Sí porque quienes la vivieron son ya muy mayores o no viven. Las hubo en los setenta y ahora lo que queda es el derecho que reclaman los nietos de los vencidos para reivindicar la memoria de sus abuelos, que es lógico que quieran saber dónde están. Esto se ha hecho de manera natural en los últimos veinte años.

Pero verá que nombres de calles y de pueblos que recuerdan al franquismo quieren erradicarse y aún no hay consenso en esto.

Es que el proceso de la Transición tampoco fue perfecto. En el libro uno de los apartados es sobre estos cabos sueltos. El afán de llegar a un acuerdo y construir cuanto antes una democracia hizo que nadie pidiera cuentas a nadie. Nadie reclamó que se juzgaran crímenes de la dictadura y si los había eran marginales porque la demanda social era de libertad y concordia.
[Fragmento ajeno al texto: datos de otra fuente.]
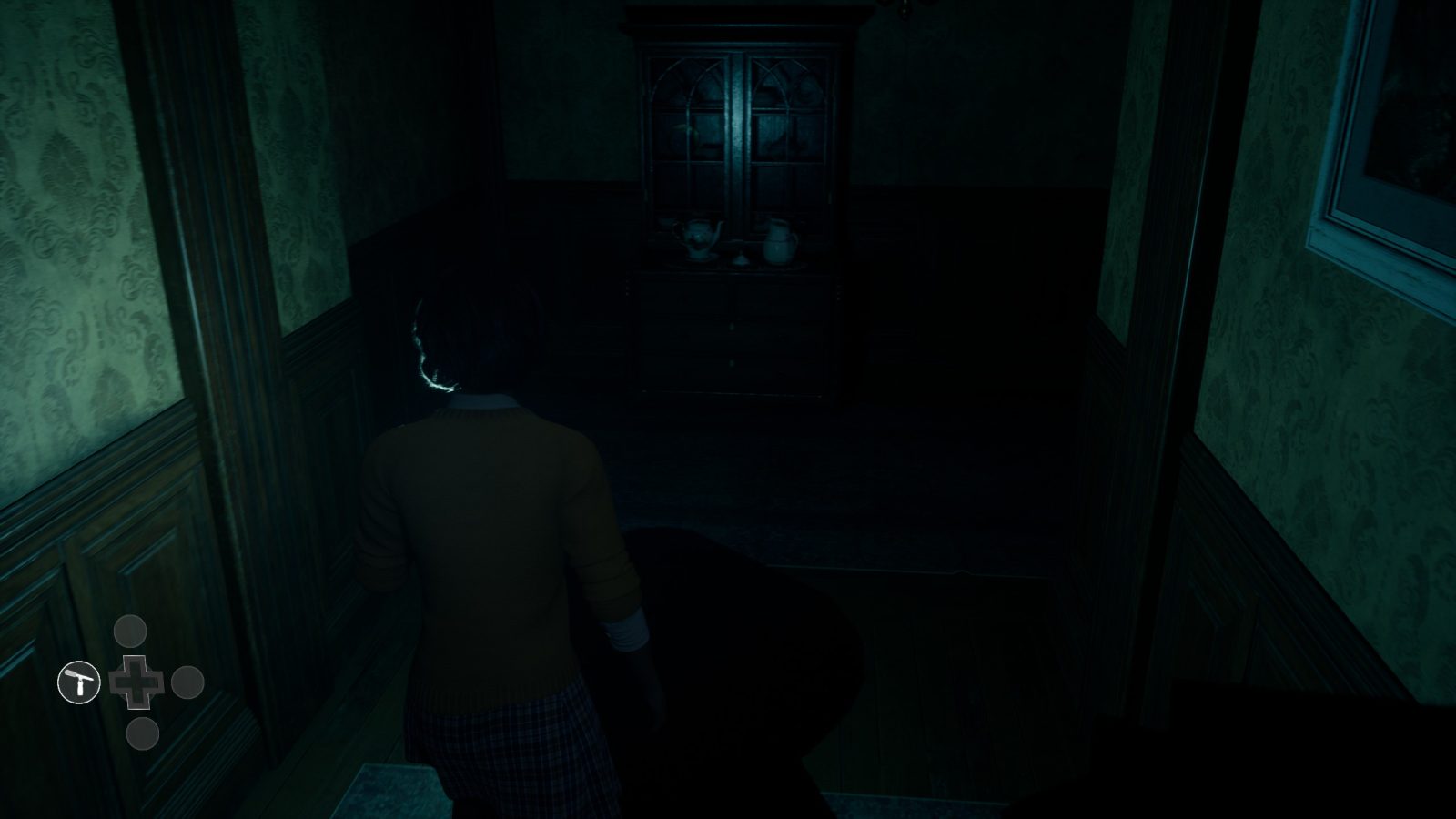 Erin’s main tool is her directional microphone, which you can use to follow sounds in the distance. Initially, you hear someone crying and go to investigate. As you focus more on the sound than where you’re going, you’ll quickly get turned around in the hotel’s corridors until, wait, this was a dead end before. There wasn’t a wall there last time. Now the crying has turned to a child’s scream and… voices you recognize from earlier that evening. Then the lights go out, and you’re forced to navigate by sound alone until you come across the most terrifying thing so far: a single, perfectly lit room. This is some incredibly effective horror that sets the tone for the rest of the game. The crew is trapped here, at the mercy of whoever is controlling this maze. As a coward, I hated playing this, but that just means the game is doing its job and doing it very, very well. This scene alone is some of the most effective horror I’ve seen in years and it keeps that momentum going.

La gente estaba encantada con que la izquierda, los perdedores de la guerra, llegara a los ayuntamientos en el 79 y al gobierno en el 82. Los sueños revolucionarios se convirtieron en sueños democráticos y los franquistas más radicales se sintieron cómodos con la democracia.

¿Los jóvenes que van hoy al instituto conocen la Transición?

Uno de los errores de la enseñanza es poner el acento en cuatro o cinco personajes políticos reconocidos y no en la dimensión colectiva del proceso. El otro día, cuando reventaron el acto de Felipe González en la universidad, hubo un joven que habló poco, pero en lo que dijo había cuatro o cinco errores de hechos. Estaba muy mal informado.

¿Cómo ve la situación política actual?

Esto ya va a ser para siempre. Me refiero a que hubo una etapa de más de treinta años de estabilidad y ahora nos puede esperar una etapa de inestabilidad como la que han vivido los italianos desde que existe allí la democracia, o de difíciles equilibrios como en Bélgica, o incertidumbre como la de los británicos, o la de los americanos con un candidato como Trump. Si la sociedad civil se hace notar no hay que tener miedo a nada. Un ejemplo, en 1982 ganó González y una parte de la noticia era que ganó la izquierda. Pero la otra parte es que los votantes destruyeron a la UCD y el PC, los dos partidos que fueron más relevantes en el pacto por la constitución de la democracia. Borraron del mapa a Suárez y Carrillo y no pasó nada, y eso que eran momentos más complicados, con ETA matando y un 24% de paro. Si ahora en vez de dos partidos hay cuatro pues muy bien, ya se pondrán de acuerdo, aunque hasta ahora lo que han dado sea un recital de incompetencia. Supongo que ya irán aprendiendo. Estamos asistiendo a un cambio importante, pero dentro del juego democrático, nada comparable a la Transición.